This is the code for our paper "MedAdapter: Efficient Test-Time Adaptation of Large Language Models Towards Medical Reasoning" in EMNLP 2024.

Framework

MedAdapter

Data

You need to first download the raw data from the following sources: MedMCQA, MedQA, MMLU-Med, PubMedQA, BioASQ, MedNLI, MediQA-RQE, PubHealth, MediQA, and CORD19. Please download the data and save in the ./data/<DATASET_NAME>/ directory.

Experiments

Candidate Solution Generation

Before training the model, we need to first leverage the LLM to generate candidate solution for the following reward model training. We need to generate the candidates on both training and test sets. For OpenAI commercial models (e.g., gpt-3.5-turbo, gpt-4), we need to call main-openai.py to initiate the generation process:

python main-openai.py --debug generation --config configs/bioasq/bioasq-gen-test.yaml
python main-openai.py --debug generation --config configs/bioasq/bioasq-gen-train.yaml

For the open-sourced LLMs, we need to leverage the vLLM as the inference model engine and need to run main.py to initiate the generation process:

CUDA_VISIBLE_DEVICES=1,2 accelerate launch --mixed_precision fp16 --main_process_port 29650 main.py --debug generation --config configs/bioasq/bioasq-gen-test.yaml
CUDA_VISIBLE_DEVICES=1,2 accelerate launch --mixed_precision fp16 --main_process_port 29650 main.py --debug generation --config configs/bioasq/bioasq-gen-train.yaml

The --config indicate the generation configuration during inference, containing important hyperparameters. The configuration files should be stored in the directory ./configs/<Dataset_Name>/<Model_Name>/.

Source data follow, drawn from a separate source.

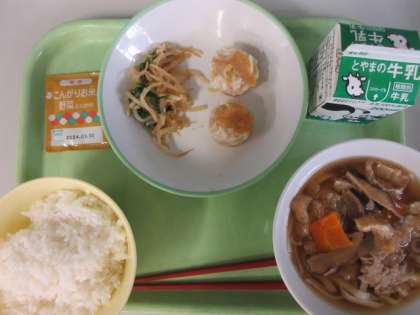 ごはん、かやくうどん、にんじんシューマイ、おひたし、野菜ふりかけ、牛乳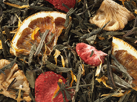 SASTOJCI: Zeleni čaj Sencha i bijeli čaj Pai Mu Tan (76%), listići manga, ananasa i narandže, sušeni komadi jagode, cvijet nevena, prirodna aroma
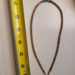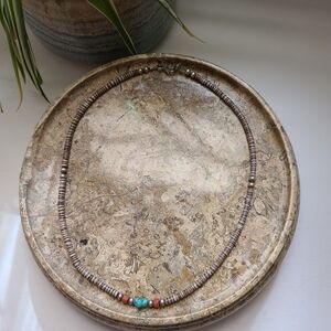 Turquoise Coral Heishi Puka Shell Navajo Native American Necklace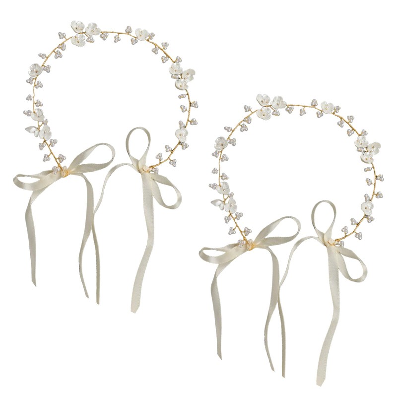 MUNSKT 2 Piece Floral Hair Accessory, Girls' Baptismal Communion Headpiece, White Pearl Bouquet Headband, Suitable for Attending Parties, Birthdays, and Celebrations
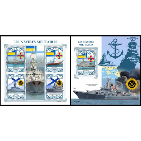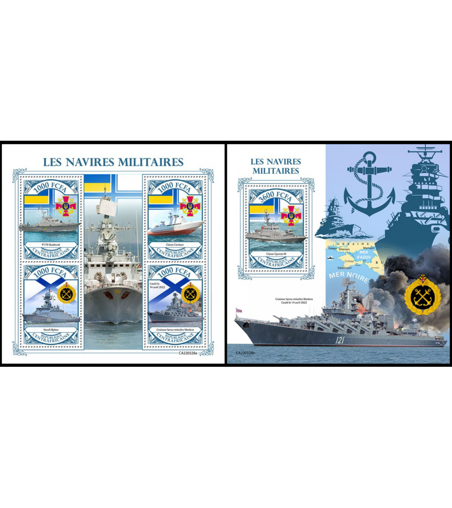 REPUBBLICA CENTRAFRICANA - 2022 - Navi militari Ucraina - minifoglio + foglietto (CA-22328)

Outcome-Supervised Adapter Training

To train the model, we need to run the main.py entry program:

CUDA_VISIBLE_DEVICES=0 accelerate launch --mixed_precision fp16 --main_process_port 29666 main.py --debug reward --config configs/bioasq/bioasq-reward.yaml

The configuration file of training the adapter should also be saved under ./configs/<Dataset_Name>/<Model_Name>/ directory.

Best-of-K Inference

Same as the previous two stages, we need to run the entry program main.py again to inference on the previously generated candidates on test set:

CUDA_VISIBLE_DEVICES=0 accelerate launch --mixed_precision fp16 --main_process_port 29666 main.py --debug reward_guide --config configs/bioasq/bioasq-guide.yaml

The configuration file of training the adapter should also be saved under ./configs/<Dataset_Name>/<Model_Name>/ directory.

Running Scripts

We also offer several examples of running commands in the directory ./scripts.

Citation

If you find this repository valuable for your research, we kindly request that you acknowledge our paper by citing the follwing paper. We appreciate your consideration.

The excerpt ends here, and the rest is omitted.